Ok, it's been 10 or more years, but I'm game. I have the original game box. Not a GoG version, the actual original game bought in 94. Somewhere. 

Installing the games/dxx-rebirth port itself worked? 



JLAIP said:


> It says you need the original .exe(s) (setup.exe?) file(s) from the CD, which I've got, but it doesn't explain which .exe(s) or what needs to be done with it(them)?


If I read the message correctly you should have a setup_descent_1.4a_(16596).exe somewhere?


----------



## shkhln (Jul 30, 2019)

SirDice said:


> setup_descent_1.4a_(16596).exe



That looks like a typical GOG installer name.


----------



## SirDice (Jul 30, 2019)

Oh, right. The OP does NOT have the GoG version. That means I'm going to have to dig through some boxes.


----------



## JLAIP (Jul 30, 2019)

SirDice said:


> Installing the games/dxx-rebirth port itself worked?



Because I'm running an old (i.e., slow) laptop, compiling from ports isn't a good idea (takes "forever" and usually results in an ERROR). I was able to get the dxx-rebirth part installed without any problem via "pkg install dxx-rebirth". But, apparently, that does little without the original program files from either the CD or gog.exe.

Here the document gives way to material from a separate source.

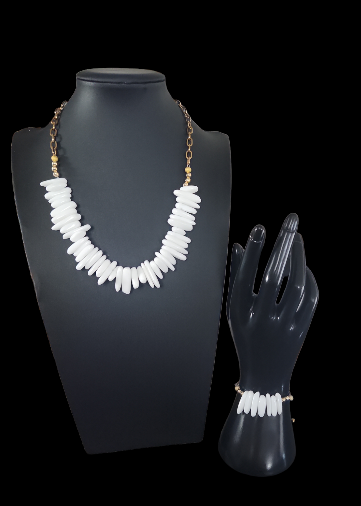 Look elegant in this unique Alabaster stone necklace set. With its ability to aid forgiveness and stimulate meditation, this necklace set is perfect for anyone looking to explore their spiritual side. Make a statement with this classic accessory for a beautiful finish.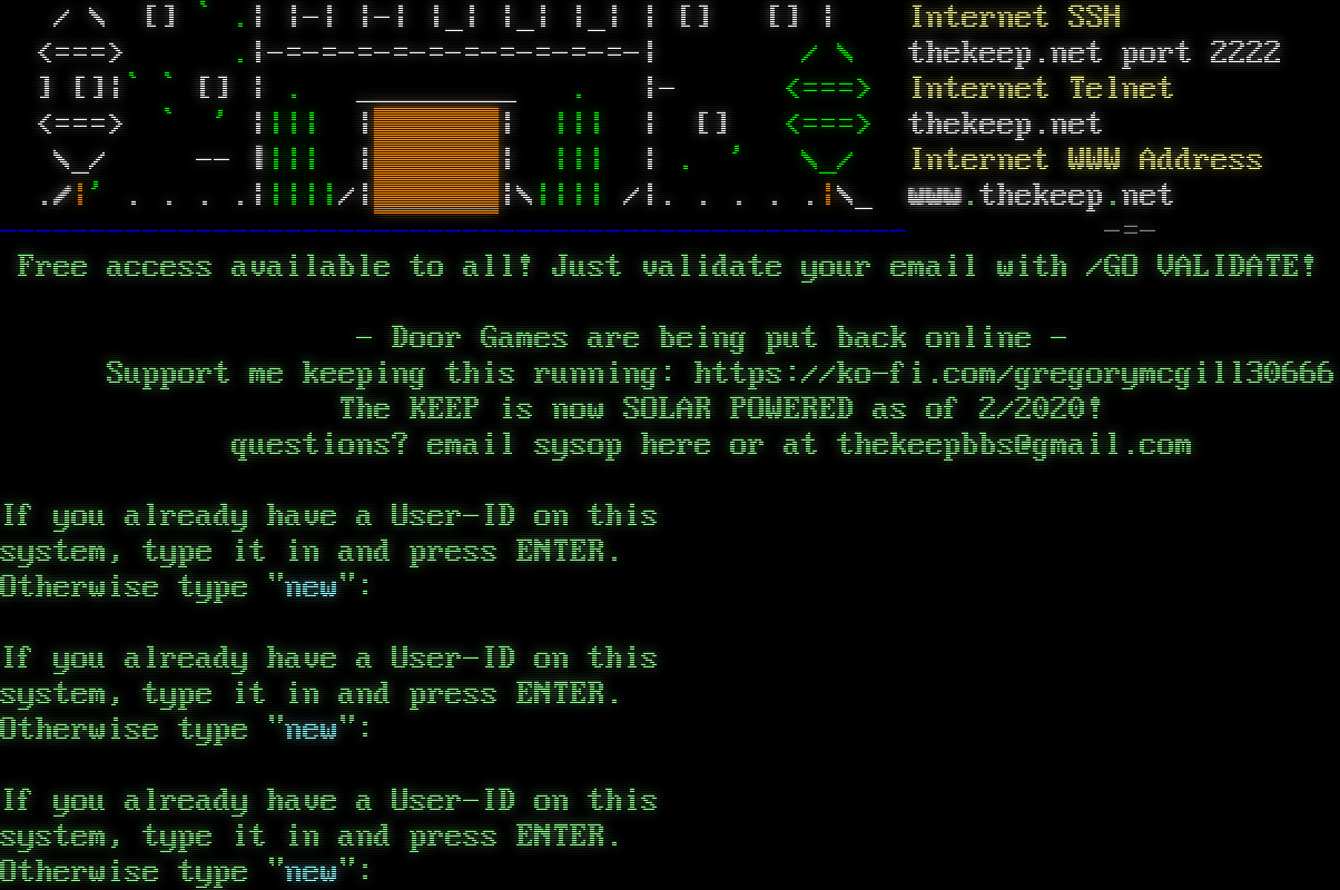 Auto-sensing... ! SGSVR? Please choose one of these languages/protocols: 1 ... English/ANSI The standard English language version 2 ... English/RIP The English version of RIPscrip graphics 3 ... English/40col 40 Column version of the BBS Choose a number from 1 to 3: 1 Display ANSI graphics (Y/N)? y Running WorldGroup Ver 3.2 - Reg number: 25314817 - 32 incoming lines _​----\| _ _ _ _ _ The KEEP BBS & Info Services -​---\|_​----\| ]-I-I-I-[ The Electronic Renaissance _ _ _ _ _ _ _​----\| \| -​---\| \\ \` ' / Line 2 at 38400 Baud. ]-I-I-I-I-[ -​---\| \| \| \|. \` \| -=- \\ \` '_/ \| / \\ \| \| /^\\\| Featuring: [] \`__\| ^ / ^ \\ ^ \| \|\*\|\| On-line Entertainment and \|__ ,\| / \\ / ^ ^\`\\ / \\ \| ===\| friendly fun atmosphere! ___\| ___ ,\|__ / ^ /=​_=_=_=\\ ^ \\ \|, \`_\| -=- I_I__I_I__I_I (=​===(_​________)_​^___\|_​___\|_​___ There are NO ADULT graphic \\-\\--\|-\|--/-/ \| I [ ]__I I_I__\|_​___I_I_\| files on this system. \|[] \` '\|_ \|_ _\|\`__ ._[ _-\\--\|-\|--/-/ -=- / \\ [] \` .\| \|-\| \|-\| \|_\| \|_\| \|_\| \| [] [] \| Internet SSH <===> .\|-​=-=-=-=-=-=-=-=-=-=-\| / \\ thekeep.net port 2222 ] []\|\` \` [] \| . _​________ . \|- <===> Internet Telnet <===> \` ' \|\|\|\| \| \| \|\|\| \| [] <===> thekeep.net \\_/ -- \|\|\|\| \| \| \|\|\| \| . ' \\_/ Internet WWW Address ./\|' . . . .\|\|\|\|\|/\|_​______\|\\\|\|\|\| /\|. . . . .\|\\_ www.thekeep.net -​-------------------------------------------------- -=- Free access available to all! Just validate your email with /GO VALIDATE! - Door Games are being put back online - Support me keeping this running: https://ko-fi.com/gregorymcgill30666 The KEEP is now SOLAR POWERED as of 2/2020! questions? email sysop here or at thekeepbbs@gmail.com If you already have a User-ID on this system, type it in and press ENTER. Otherwise type "new": If you already have a User-ID on this system, type it in and press ENTER. Otherwise type "new": If you already have a User-ID on this system, type it in and press ENTER. Otherwise type "new":

> If I read the message correctly you should have a setup_descent_1.4a_(16596).exe somewhere?



I've got a setup.exe in the CD's /descent directory, which is what I tried (unsuccessfully) to run the innoextract utility on. I'm pretty sure innoextract is intended for the gog.exe version and not the CD. I also tried to "tar xvfz setup.exe ~/app" but that didn't work either.
And that's as far as I got..


----------



## shkhln (Jul 30, 2019)

What files are there besides setup.exe?

https://github.com/dxx-rebirth/dxx-...d45848c4e485762f994f5/d1x-rebirth/INSTALL.txt:


> Following files are needed to run the game:
> descent.hog
> descent.pig


----------



## JLAIP (Jul 30, 2019)

shkhln said:


> What files are there besides setup.exe?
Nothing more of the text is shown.